What's up Portland?
Mayor Sam Adams photo by E. Schwartz
If we build it, will they come? That’s the multimillion-dollar question Portland politicians ponder as they plan the Oregon Sustainability Center, a more than $75 million downtown office building that would be the first mid-rise office building in the world to meet the ambitious Living Building Challenge. The net-zero building, which would be located adjacent to Portland State University, is planned to process all of its wastewater onsite and get all of its water and power from the rain and the sun. Portland officials promise that the tower would not only set a new standard for “green” development, it would create a hub for public- and private-sector researchers with an eye on the triple bottom line.
Portland Mayor Sam Adams was elected mayor in 2008 after serving on the city council and is working behind the scenes to persuade major companies to set up shop in the living laboratory.
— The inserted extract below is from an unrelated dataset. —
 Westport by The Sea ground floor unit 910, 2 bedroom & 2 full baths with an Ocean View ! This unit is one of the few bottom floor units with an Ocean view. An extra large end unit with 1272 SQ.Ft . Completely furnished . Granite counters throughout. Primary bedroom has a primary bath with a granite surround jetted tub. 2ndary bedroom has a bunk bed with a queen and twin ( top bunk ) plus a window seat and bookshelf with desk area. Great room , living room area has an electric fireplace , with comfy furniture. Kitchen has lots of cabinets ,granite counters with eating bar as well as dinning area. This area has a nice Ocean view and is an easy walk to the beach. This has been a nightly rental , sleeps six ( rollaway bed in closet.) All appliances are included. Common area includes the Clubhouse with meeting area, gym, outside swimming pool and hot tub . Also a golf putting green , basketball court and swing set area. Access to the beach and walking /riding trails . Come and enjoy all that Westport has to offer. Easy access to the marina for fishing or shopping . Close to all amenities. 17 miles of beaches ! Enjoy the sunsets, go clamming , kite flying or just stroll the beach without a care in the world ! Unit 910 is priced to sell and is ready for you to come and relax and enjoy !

Sustainable Industries talked with Adams this fall after the Portland City Council voted to direct the city’s Bureau of Planning and Sustainability and the Portland Development Commission to initiate schematic designs for the building. Now that the Rose City is debating an investment of more than $14 million in the project, we asked Adams how the Oregon Sustainability Center fits into his economic and environmental plans for Portland.
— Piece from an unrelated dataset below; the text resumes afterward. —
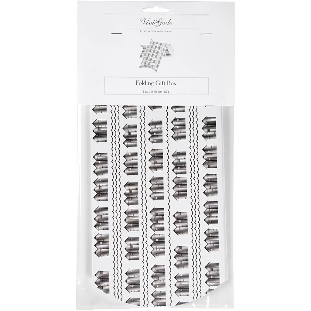 Kinkekarp tugevast siidimustrist kartongist Vivi Gade kujundusega. Tarnitakse kokkuklapitud

SI: Last week, you were in Toronto to attend a bicycle summit and Canada’s biggest green building conference. Your travel companions included executives from Gerding Edlen and other Portland companies. How was your delegation selling Portland’s sustainable-business ‘know-how’ and were the folks in Toronto receptive?
SA: We went with a group of ‘green,’ clean technology businesses—everything from a professional-service firm that specializes in making sure the outside of buildings are wrapped and sealed in the most sustainable way ... to an eco-roof manufacturer from Camas, Washington, to Gerding Edlen, which is a local developer that has built more LEED-certified buildings than any other single developer in the United States.
… The housing and construction market in Toronto continues at a pace of before our [economic] fall. At the same time, they instituted more aggressive climate action and green building standards. And so we were up there to market our products and services and also publicize the new direct flights between Portland and Toronto.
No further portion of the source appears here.